In July, 1963, her husband died and was buried in Arlington National Cemetery. In 1964, Marguerite Rawalt wrote to members of Business and Professional Women and Zonta International, asking them to lobby for the passage of provision VII of the Civil Rights Act of 1964, which prohibited discrimination by employers on the basis of sex. Rawalt continued working on the IRS’s legal staff until 1965 when, at the age of seventy and after thirty-one years at the agency, she retired. In 1966, Rawalt became a member of the National Organization for Women, and acted as their first legal counsel. During her retirement, Rawalt continued to play an active role in the second-wave feminist movement, advising the legal arm of the National Organization of Women and picketing the White House with NOW in 1969. She also continued to practice law, but limited her practice to actions involving women's legal rights. Rawalt also dedicated herself to working as a volunteer in many women's organizations and on many women's causes and projects, seeking to improve the status of women in our country and open doors of opportunity to women.

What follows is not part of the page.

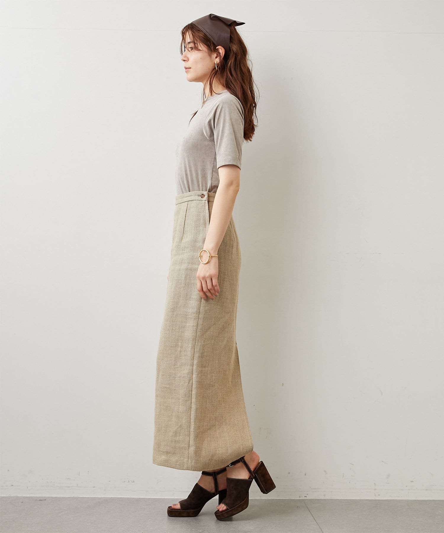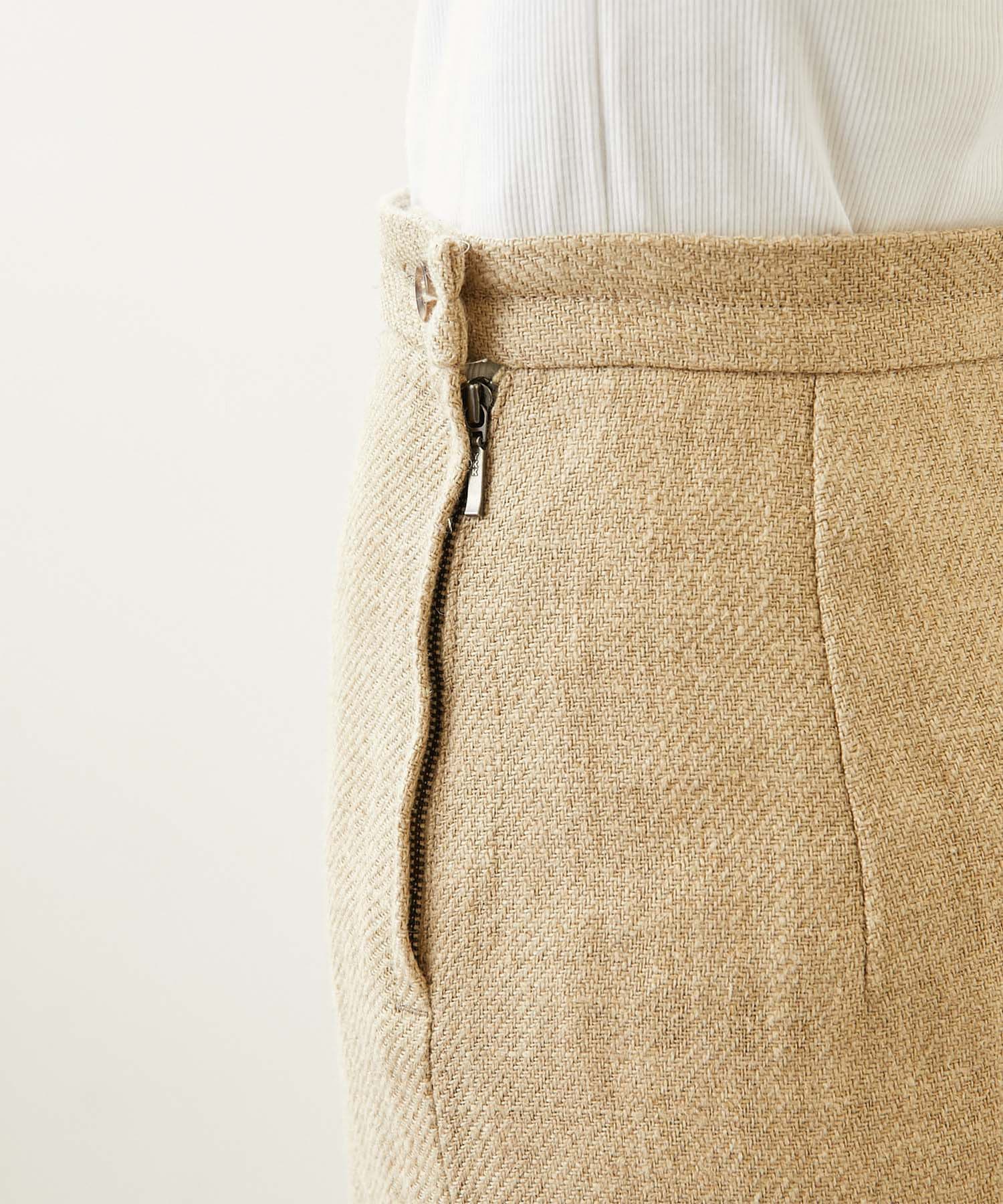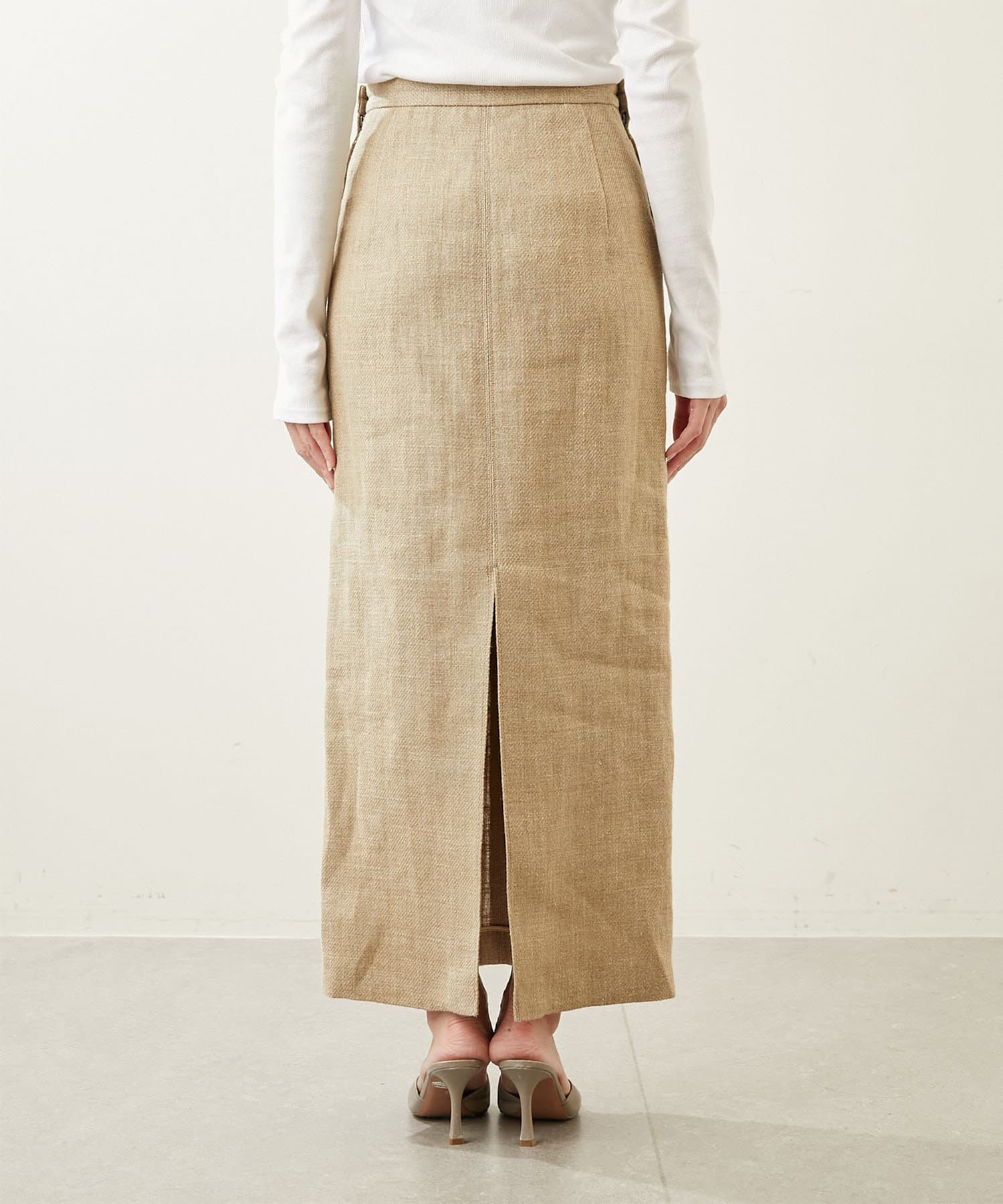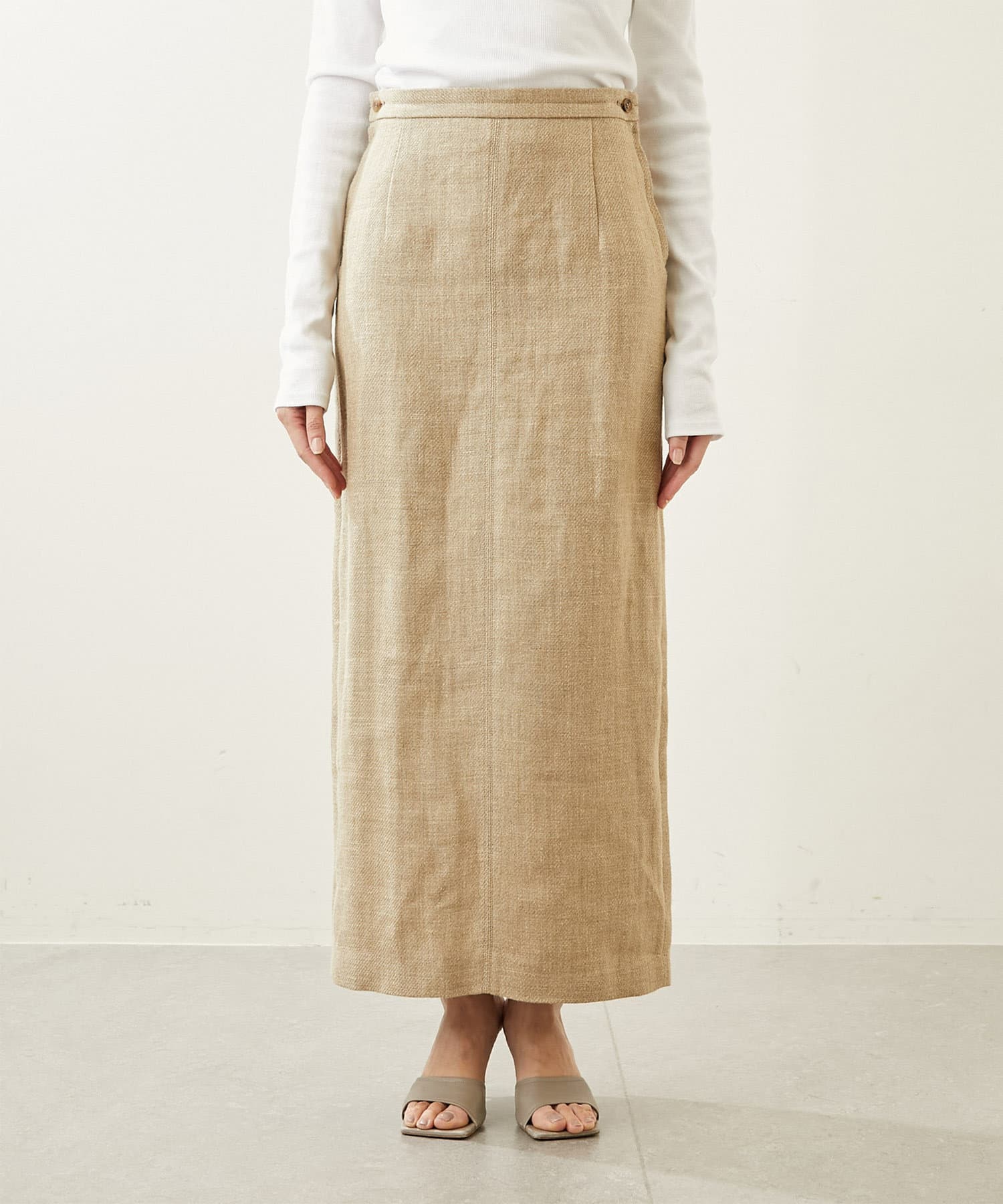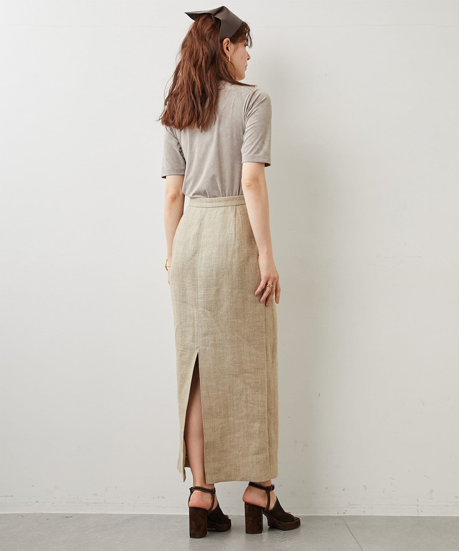 リネンならではの風合いが際立つ、ナチュラルなタイトスカート

Notably, Rawalt continued her fight for the passage of the Equal Rights Amendment throughout her retirement. She worked continuously toward the passage of the Equal Rights Amendment by Congress on March 22, 1972, and when that did not pass, she began working towards ratification. “Rawalt advocated for the ratification of the Equal Rights Amendment through the National Organization of Women and the Women’s Equity Action League as well as Women United, the ERA Ratification Council, and ERAmerica. In 1975, she attended the International Women’s Year Conference in Mexico City, and she helped plan the National Women’s Conference in Houston, Texas, in 1977. After the ratification of the Equal Rights Amendment by the states in 1882 proved unsuccessful, she wrote an article captioned, “ERA SHALL RISE AGAIN,” published in Women Lawyers Journal, writing, “The ERA is not dead. Failure of ratification by the necessary three additional legislatures before the deadline of June 30, 1982, has aroused a battle cry of indignation and determination which makes failure impossible the next time around. And there will be a next time.” Marguerite Rawalt returned to Corpus Christi, dying in 1989, at the age of ninety-four.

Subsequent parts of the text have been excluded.